Support Questions

Find answers, ask questions, and share your expertise
Announcements
Celebrating as our community reaches 100,000 members! Thank you!

How to use Google Analytics API to import data to datawarehouse built on hadoop

avatar
Expert Contributor

How to to use Google Analytics API to import data in hadoop file system? Is there a tool that can interact directly with the API and import data to the warehouse or Do I need to write programs for it? Could someone please point me to an example that shows import of data from Google Analytics to HDFS, more precisely to hive ?

1 ACCEPTED SOLUTION

avatar

Sounds like https://community.hortonworks.com/questions/33961/how-to-import-data-return-by-google-analytic-s-api... was a repost of this earlier question. I provided my (more generic) answer over there, but maybe someone has a more specific response tied directly to Google Analytics and Hadoop. Good luck!

View solution in original post

2 REPLIES 2

avatar

Sounds like https://community.hortonworks.com/questions/33961/how-to-import-data-return-by-google-analytic-s-api... was a repost of this earlier question. I provided my (more generic) answer over there, but maybe someone has a more specific response tied directly to Google Analytics and Hadoop. Good luck!

avatar
New Contributor

We kind of built a data warehouse around the same idea that you have talked about in your article.
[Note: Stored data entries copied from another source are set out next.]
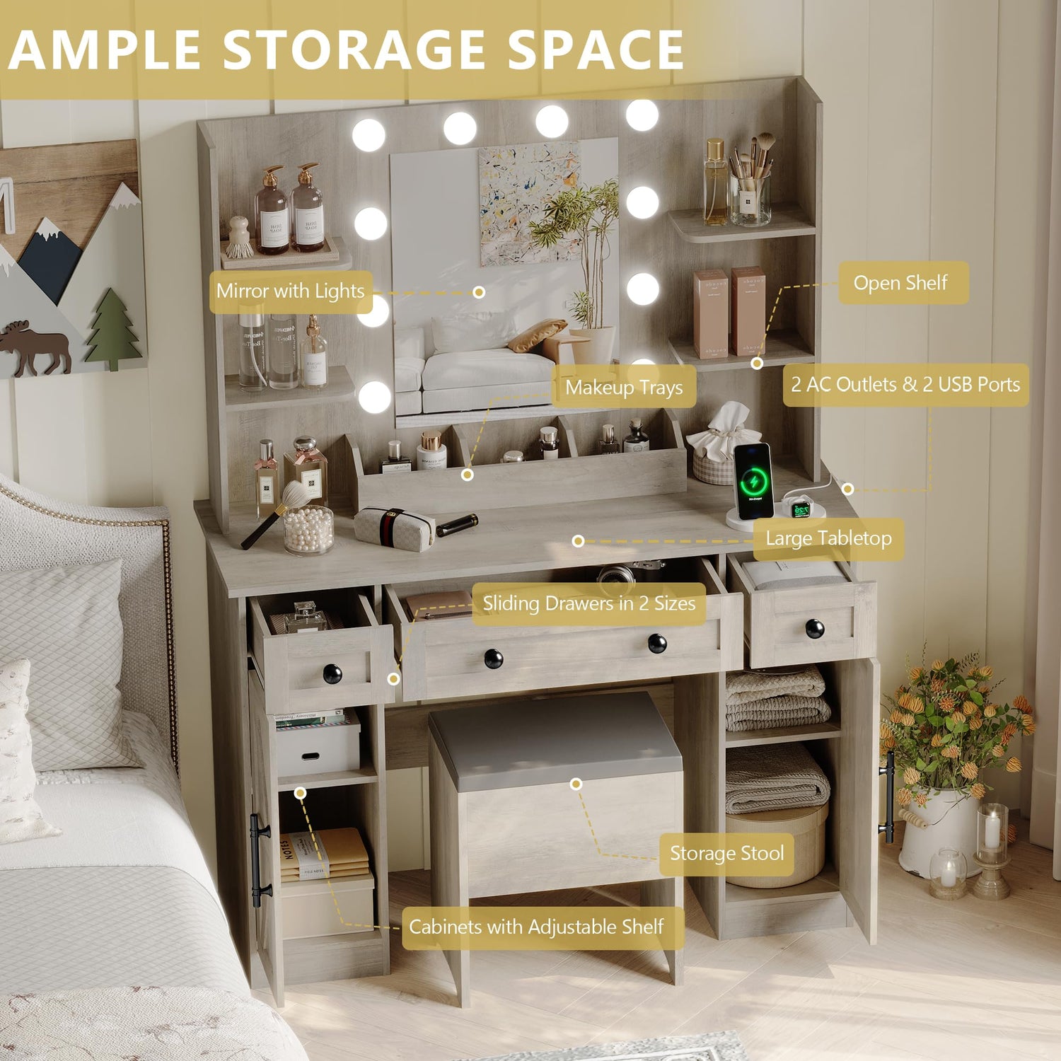 Vanity Makeup Desk with Mirror and Lights, Farmhouse Vanity Table Set with Storage Drawers, Charging Station & Chair, 43" Large Rustic Dressing Table, 3 Lighting Modes for Women Girls Bedroom, Grey
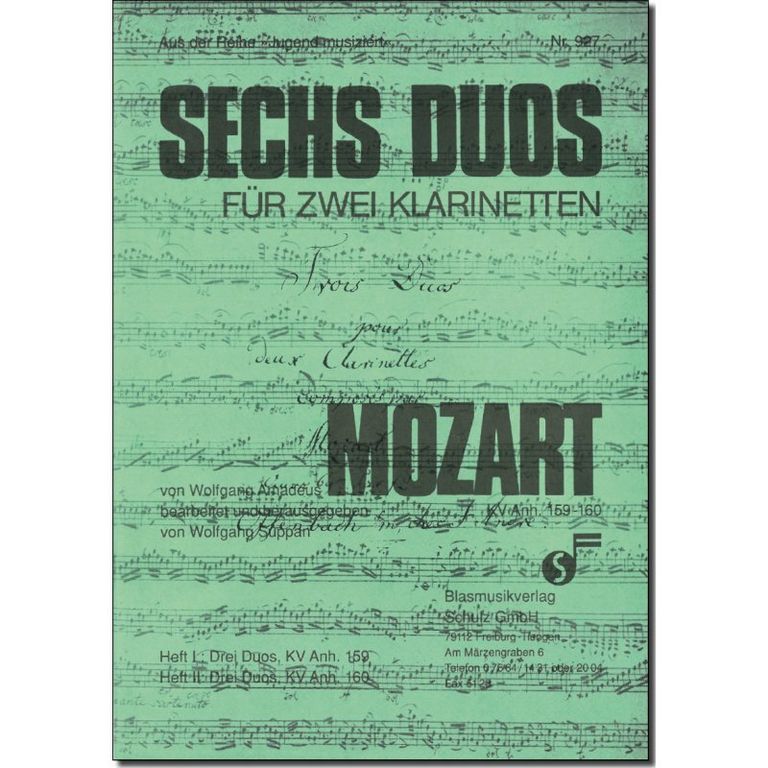 "Sechs Duos" Heft II: Drei Duos KV Anh. 160 für zwei Klarinetten von Wolfgang Amadeus Mozart bearbeitet von Wolfgang Suppan
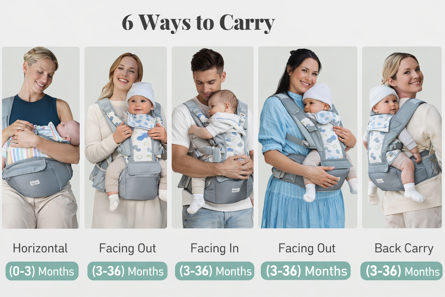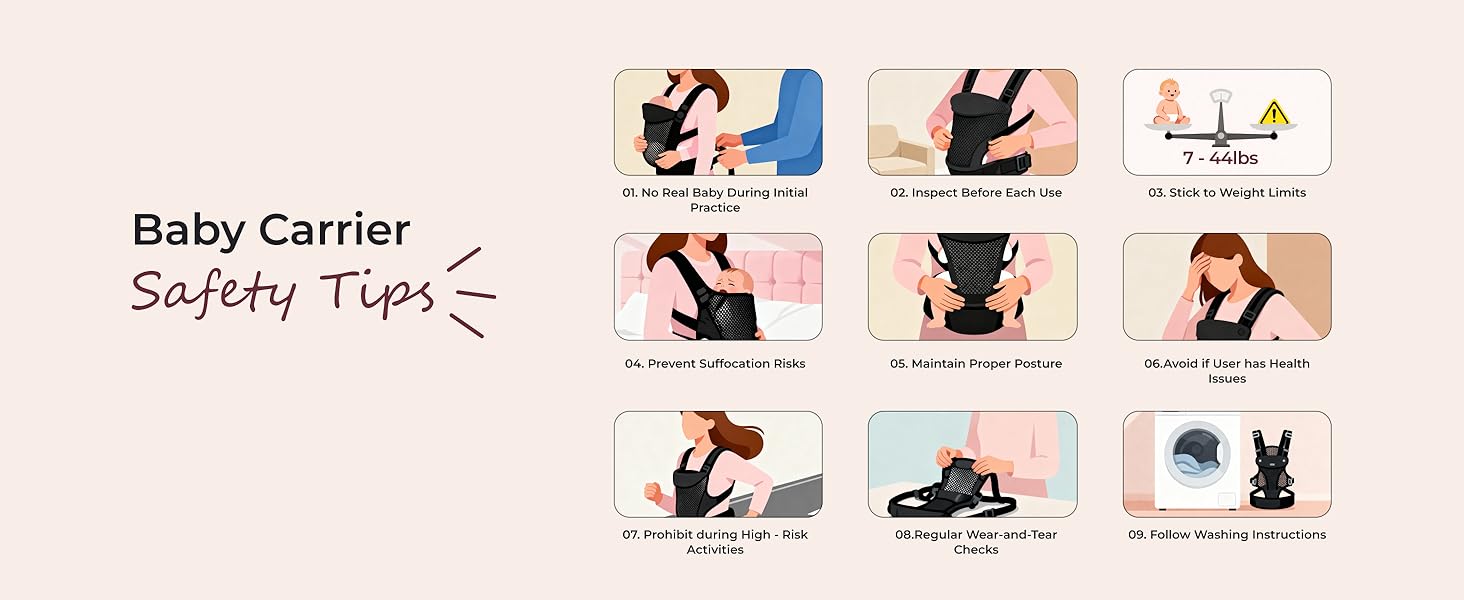 ✔️ Suitable for babies from newborn to 15 months (7-45 lbs, over 20 inches) with a comfortable seat width of 10.63–12.99 inches (27–33 cm). Parents sized XS to XXL (59–79 inches tall) can enjoy a perfect fit, ensuring comfort and support for all.

Integrating Salesforce and Google analytics as data-warehouse @infocaptor http://www.infocaptor.com

The benefit is you can also co-relate with your financial data When you design using GA api, you need to load the initial historical data for a certain date range. This has its own complications as you might run into segmentation issues, loss of data etc. You need to handle pagination etc.

Once the initial data load is complete, you then run it in incremental mode where you just bring new data only. This data gets appended to the same Data warehouse tables and does not cause duplicate with overlapping dates. The minimum you would need to design is some kind of background daemon that runs everyday or at some frequency.

You will need job tables to monitor the success and failure of the extracts so that it can resume from where the error occurred.

Some of the other considerations

1. What happens if you run the extract for the same data range

2. What if a job fails for certain dates It is important to set your primary keys for your DW target tables.

The extracted data is stored as CSV files and these can be easily pushed to Hadoop file system.